The data below contains pictures, which are to be skipped; the lines starting at the line with "The rich red" and ending at the line with "圖片顯示,段永平的賬號分別于" are to be output exactly, both ends included.

RECORDS SUPPLIED:
● ● ● ● ● ● ●
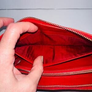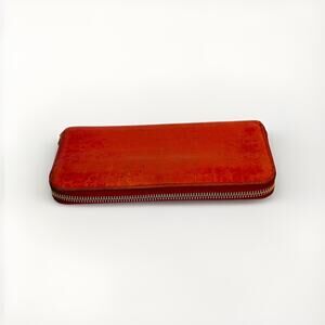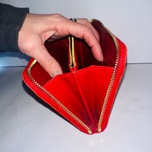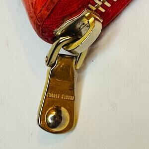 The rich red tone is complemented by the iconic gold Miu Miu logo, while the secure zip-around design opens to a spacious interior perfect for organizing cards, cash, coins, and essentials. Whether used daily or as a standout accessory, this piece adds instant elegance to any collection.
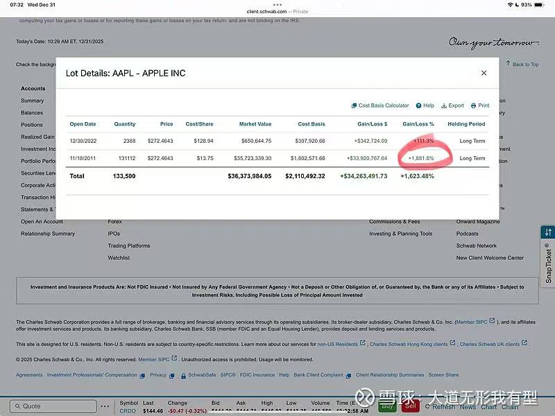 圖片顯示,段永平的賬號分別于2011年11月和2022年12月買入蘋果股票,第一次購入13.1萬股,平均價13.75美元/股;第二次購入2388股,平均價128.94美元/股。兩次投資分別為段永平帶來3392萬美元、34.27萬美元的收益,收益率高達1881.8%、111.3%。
● ● ● ● ● ● ●
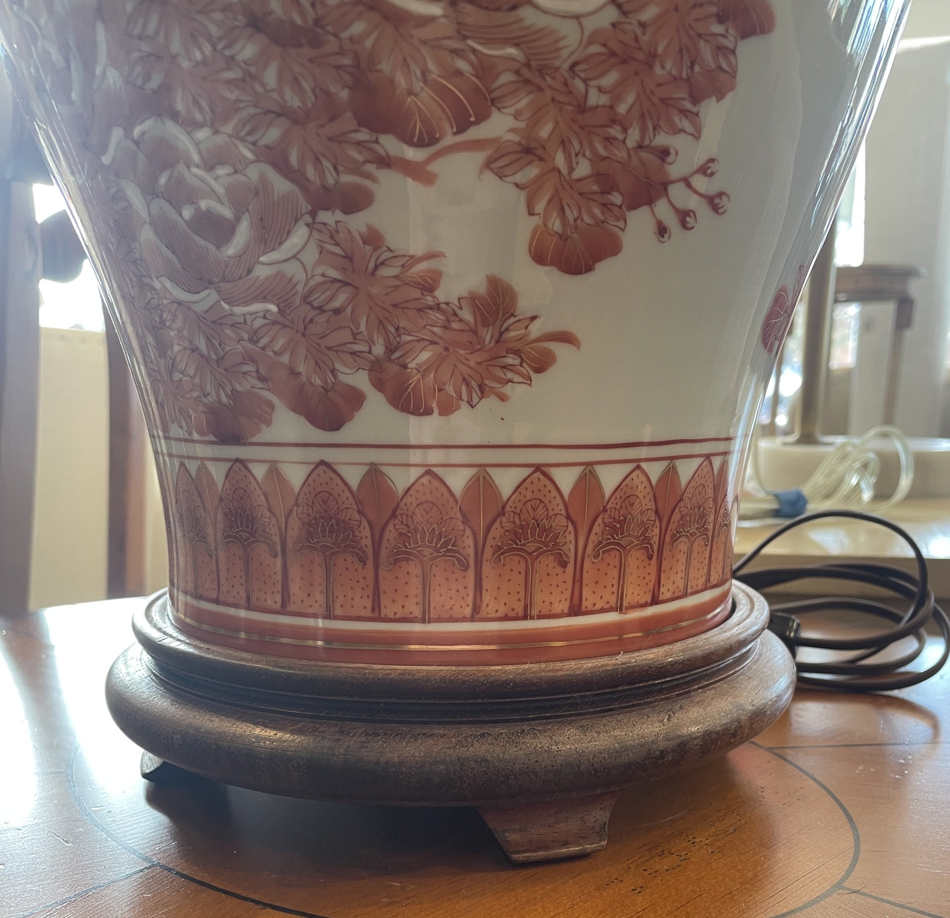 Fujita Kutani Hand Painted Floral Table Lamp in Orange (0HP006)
● ● ● ● ● ● ●
EXERCISE SOLUTION:
 The rich red tone is complemented by the iconic gold Miu Miu logo, while the secure zip-around design opens to a spacious interior perfect for organizing cards, cash, coins, and essentials. Whether used daily or as a standout accessory, this piece adds instant elegance to any collection.
 圖片顯示,段永平的賬號分別于2011年11月和2022年12月買入蘋果股票,第一次購入13.1萬股,平均價13.75美元/股;第二次購入2388股,平均價128.94美元/股。兩次投資分別為段永平帶來3392萬美元、34.27萬美元的收益,收益率高達1881.8%、111.3%。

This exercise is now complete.